Different solution if solving a differential equation in chunks or for full time at once

Hi! I’m trying a simulate an orbit in the chaotic 3 body dynamics, and perform two different simulations: one for full time (0, nT) where n is an integer and T is the time period of the orbit. On the other hand, I also perform it by breaking it into chunks: (0,\delta t), (\delta t, 2\delta t) and so on until it reaches nT. The final solution from the previous step is the initial condition for the next step. Theoretically I assume this should mean similar solution (except maybe some numerical inconsistencies.) However, the results are very different for long simulations: such as 50 orbits. I understand the dynamics I’m simulating are chaotic, but I need to work with the second way: integrating by chunks and I’m not sure if that is the correct way here. I’ve attached the code below:

using DifferentialEquations, LinearAlgebra
const lstar =   238529; # in kms
const tstar =   18913; # in seconds
const μ     = 1.901109735892602e-7;

# ODE function
function cr3bp_propagator!(dxdt,x,p,t)
    d=sqrt((x[1]+μ)^2 + x[2]^2+ x[3]^2);
    r=sqrt((x[1]-1+μ)^2 + x[2]^2 + x[3]^2);

    dxdt[1]= x[4];
    dxdt[2]= x[5];
    dxdt[3]= x[6];
    dxdt[4]= 2*x[5] + x[1] - (1-μ)*(x[1]+μ)/(d^3) - μ*(x[1]-1+μ)/(r^3);
    dxdt[5]= -2*x[4] +x[2] - (1-μ)*(x[2])/(d^3) - μ*(x[2])/(r^3);
    dxdt[6]= -(1-μ)*(x[3])/(d^3) - μ*(x[3])/(r^3);
end

function compare_full_chunks(N,nT)

    nrho  =   [   1.0025067861477979
                    0
                    4.8938916019621225e-3
                    0
                    -5.3520383247404298e-3
                    0 ];
    x0 = -[50/lstar;0/lstar;50/lstar;0*tstar/lstar;0*tstar/lstar;1e-6*tstar/lstar];
    TP    =   2.2460348880483676;
    δt= TP/N; t=0;
    ic = nrho+x0; 
    traj=[]; time=[];tol=1e-12;

    # solving in full at once
    probref=ODEProblem(cr3bp_propagator!,nrho,(0.0,nT*TP));
    solref=solve(probref,TsitPap8(),reltol=1e-12,abstol=1e-12);

    # solving in chunks of δt time steps
    for i in 1:nT*N
        tspan = (t,t+δt);
        prob=ODEProblem(cr3bp_propagator!,ic,tspan);
        sol =solve(prob,TsitPap8(),reltol=tol,abstol=tol);
        append!(traj,sol.u);
        append!(time,sol.t);
        ic = sol.u[end];
        t+=δt;
    end

    return solref.u[end]-traj[end]
end

When I call compare_full_chunks(50,50), the returned value which is the difference between solution end points for the two methods is not close to zero and I’m confused why that is the case. Thanks for your help!

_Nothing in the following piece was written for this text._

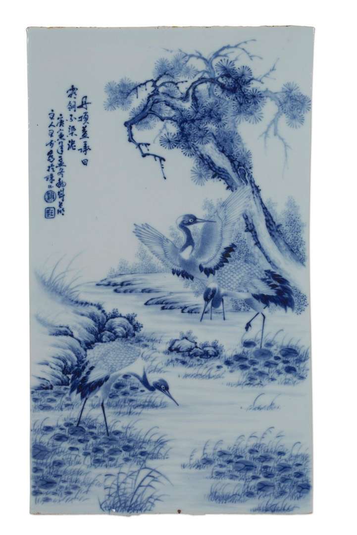 Plaque verticale en porcelaine bleu-blanc, représentant trois grues au bords d'un cours d'eau, auprès d'un pin. Accompagnée d'un poème et signée Wang Bu.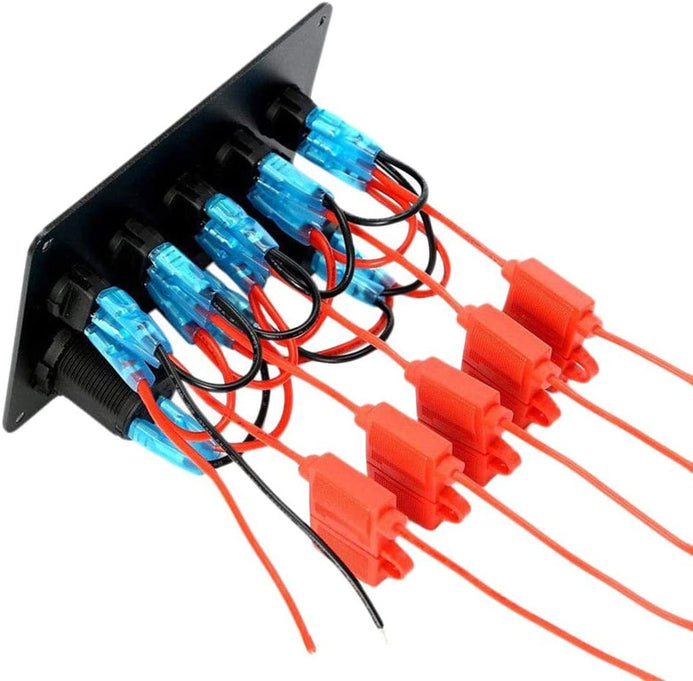 This 12V 24V 5 Gang Switch Panel features 5 Switches, Dual USB 4.2A Port, Digital Voltmeter & Cigarette Lighter Socket. The panel is made of high quality ABS material and measures 150 x 105mm (w x h). It will work on most 12V/24V car, boat, caravan, bus, trailer etc. The panel is waterproof and the charger ports come with rubber seal-cap to keep it water-tight. It also comes with a circuit breaker (including fuse holder & fuses) to protect the switches & chargers from overloading/short circuit.

when simulating chaotic systems for large amounts of time you will get diverging results.

You could try to fix the times the solver steps to in the first case (I believe with the keyword saveat? EDIT: Nope, it’s tstops, see below) and see if it improves the agreement. But the problem might still persist.

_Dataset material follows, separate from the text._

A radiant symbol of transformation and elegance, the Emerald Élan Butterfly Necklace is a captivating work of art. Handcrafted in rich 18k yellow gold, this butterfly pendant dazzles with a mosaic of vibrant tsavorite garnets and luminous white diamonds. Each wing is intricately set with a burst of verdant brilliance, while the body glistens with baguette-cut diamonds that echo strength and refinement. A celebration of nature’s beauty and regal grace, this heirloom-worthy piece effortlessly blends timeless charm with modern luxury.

You essentially force the solver to step to predefined times in the second case, but it might choose very different times in the first case. Small rounding errors/differences in each step can definitely lead to arbitrarily far-apart solutions in a chaotic system as @Oscar_Smith mentioned – it’s more or less the definition of a chaotic system.

saveat is not what you want here. It is tstops. Or even better, use a solver with a non-adaptive step and set your large Δt to be a multiple of the small solver step δt.

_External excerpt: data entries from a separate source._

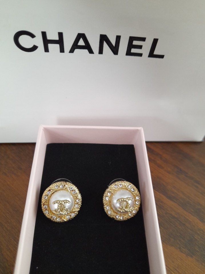 Altın renkli, pul işlemeli mini incili Chanel küpeler, modern klasik ve zarif düğün stillerine uygundur. Dubai ithal ✨. 1,5cm Hediye kutusu ile gönderilecektir. Gardropsumdaki diğer ürünlere bakmadan geçmeyin. #chanel #küpe #inci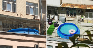 А купаться хочется — в такую-то жару. Вот жильцы дома на Покровском бульваре и обустроили себе импровизированную пляжную зону — да, без песка, но с местами для отдыха и надувным бассейном. Можно купаться на открытом воздухе и никакие курорты не нужны. Воздух не самый чистый, зато виды прекрасные.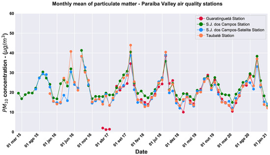 As mentioned earlier, in order to provide an air quality overview of the Paraíba valley region, monthly mean particulate matter concentrations were retrieved from four CETESB stations installed in three different cities, São José dos Campos (S. J. dos Campos and S. J. dos Campos-Satelite stations), Taubaté and Guaratinguetá, as can be seen in Figure 1. Concentration values of were used since it is the single common product for all stations.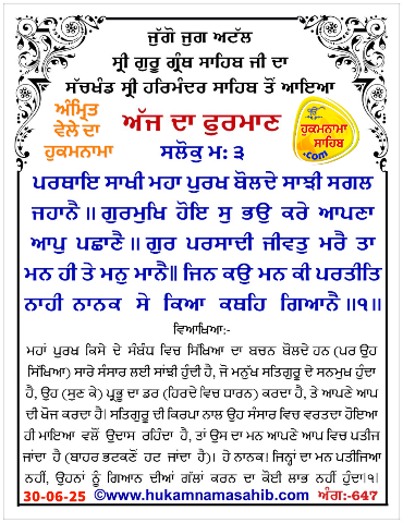 AMRIT VELE DA HUKAMNAMA SRI DARBAR SAHIB, SRI AMRITSAR, ANG 647, 30-06-2025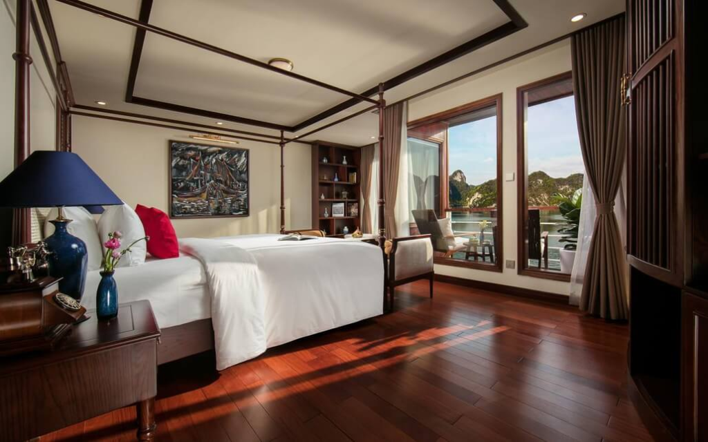 Indochine Cruise sở hữu 43 cabin rộng rãi với thiết kế thanh lịch, lấy cảm hứng từ kiến trúc Đông Dương. Mỗi phòng đều có ban công riêng, cửa kính lớn đón ánh sáng tự nhiên và phòng tắm hiện đại. Nội thất sử dụng vật liệu gỗ cao cấp, mang lại cảm giác ấm cúng và sang trọng.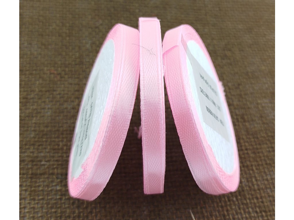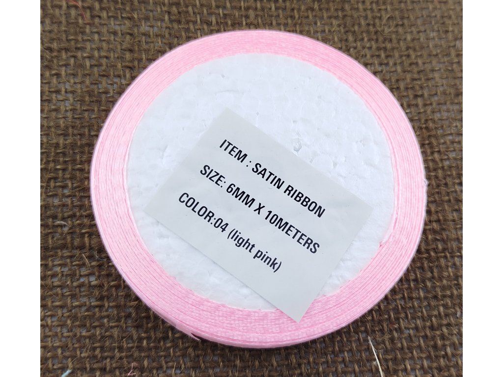 Saténová stuha široká 6 mm ve světle růžové barvě. Balení - návin 10m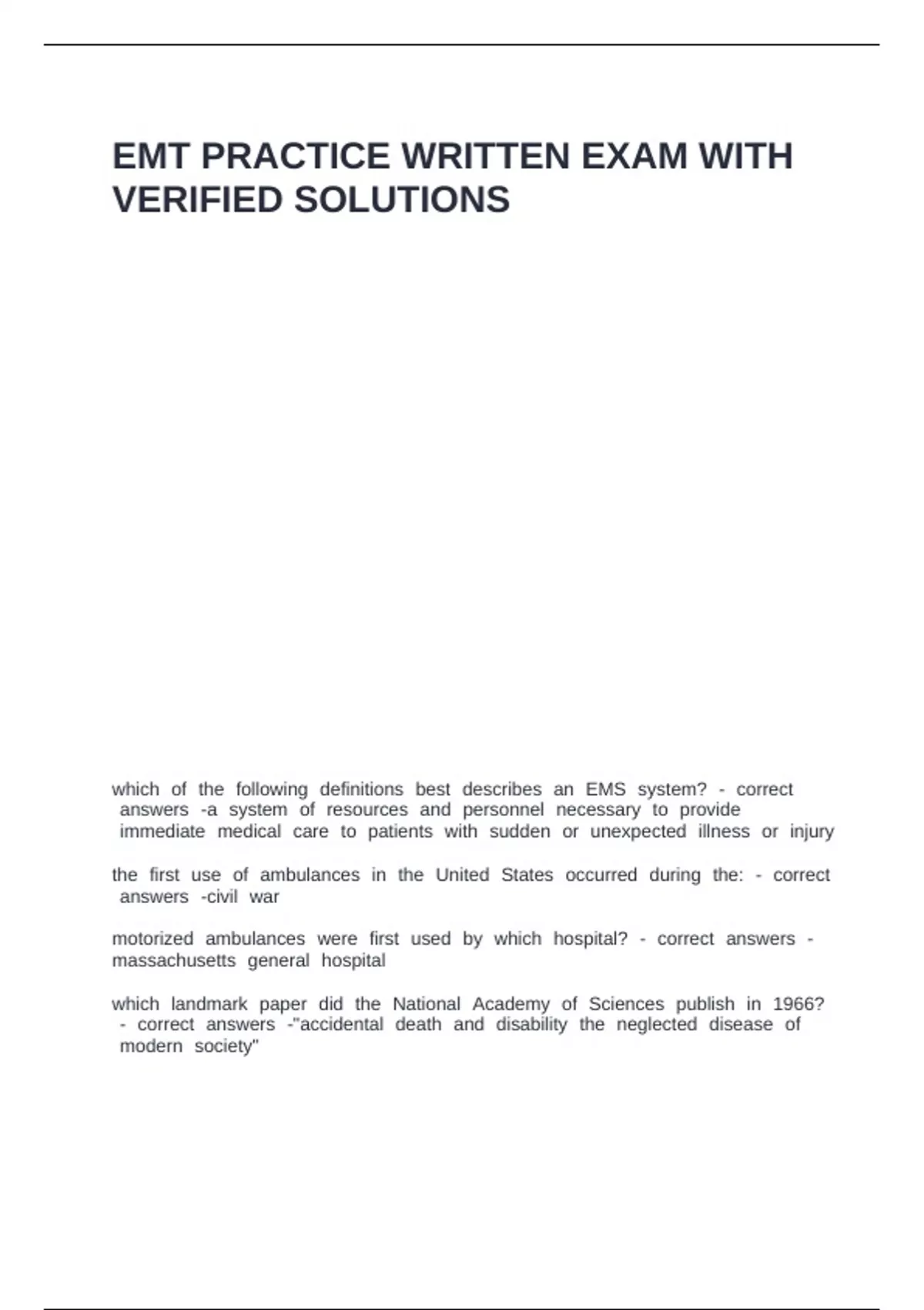 EMT PRACTICE WRITTEN EXAM WITH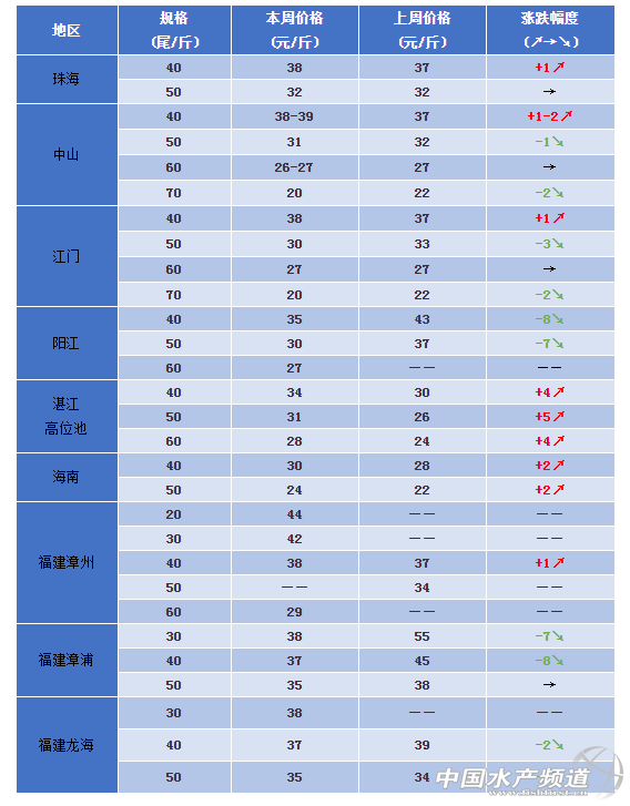 本周中山、珠海和江門(mén)地區(qū)40條蝦價(jià)格穩(wěn)中有漲,漲幅1-2元/斤,報(bào)價(jià)員表示近期中小蝦上市集中,大蝦貨源吃緊,價(jià)格自然上漲,而中小蝦中混有較多病蝦,導(dǎo)致小蝦價(jià)格下滑。江門(mén)地區(qū)價(jià)格下跌最為明顯,40條蝦報(bào)價(jià)只有35元/斤,當(dāng)?shù)貥I(yè)務(wù)員表示近期陽(yáng)江地區(qū)蝦偷死明顯,發(fā)病率達(dá)到6成,而且以小規(guī)格蝦上市較多。湛江、海南地區(qū)蝦價(jià)迎來(lái)上漲,且漲幅較大,行情看好!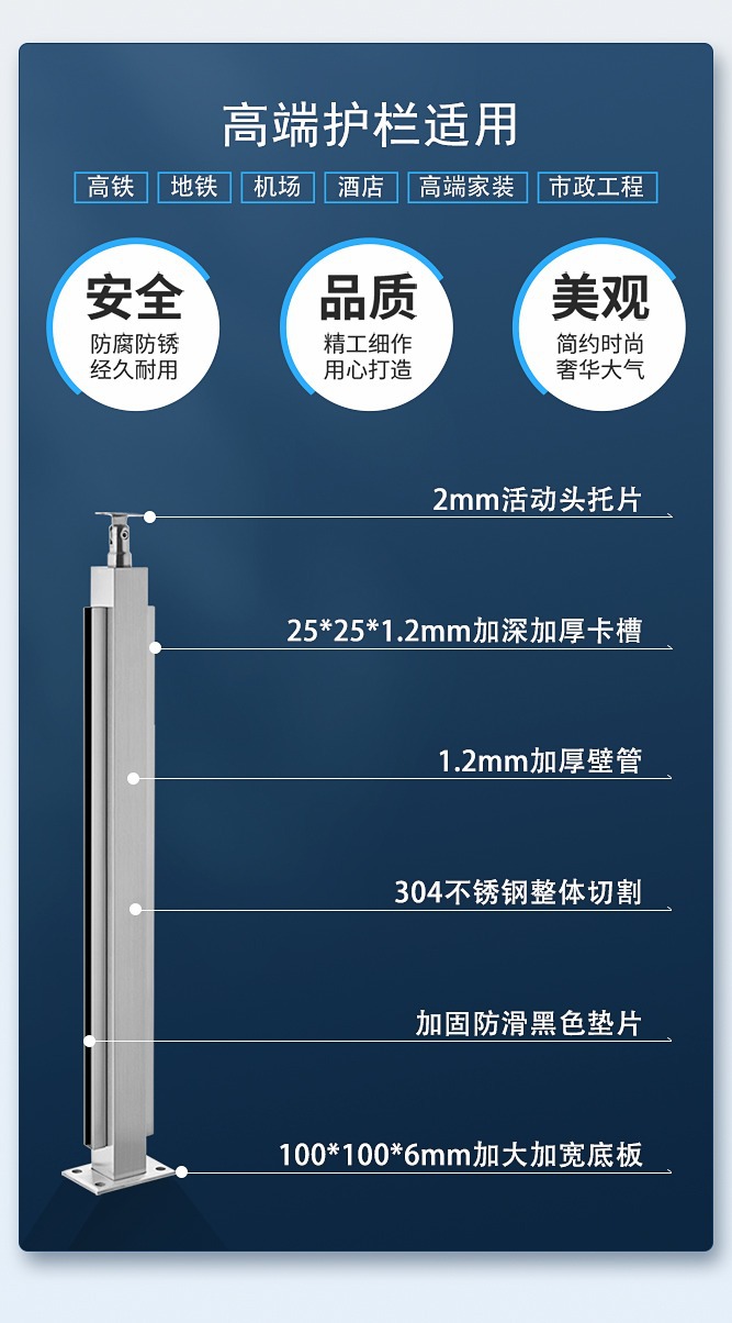 栏杆高度(一般在 900mm-1200mm之间,具体规格可按用途设定)

But honestly, this is all a fools errand. It is very hard to get “exactly same results” for chaotic systems due to even the tiniest change in the order of operations at any point in the simulation.

More importantly, you shouldn’t care about having identical results for chaotic systems. There is nothing confusing about not getting identical results. The confusing thing would be if you were getting identical results with different ways of simulation

“Correct” here does not have an objective meaning. It is what you want to do. Solving a chaotic system numerically is always an approximation and you always get a fake (formally called “shadow”) orbit, no matter what way you simulate it. If I were you I wouldn’t worry about this at all and proceed simulating in chunks.

Thank you! I think this answers my confusion and this is more of a chaotic system property and possibly error accumulation in the long term simulations rather than anything else. I will just proceed with the simulation in chunks. Thanks for you reply, appreciate it!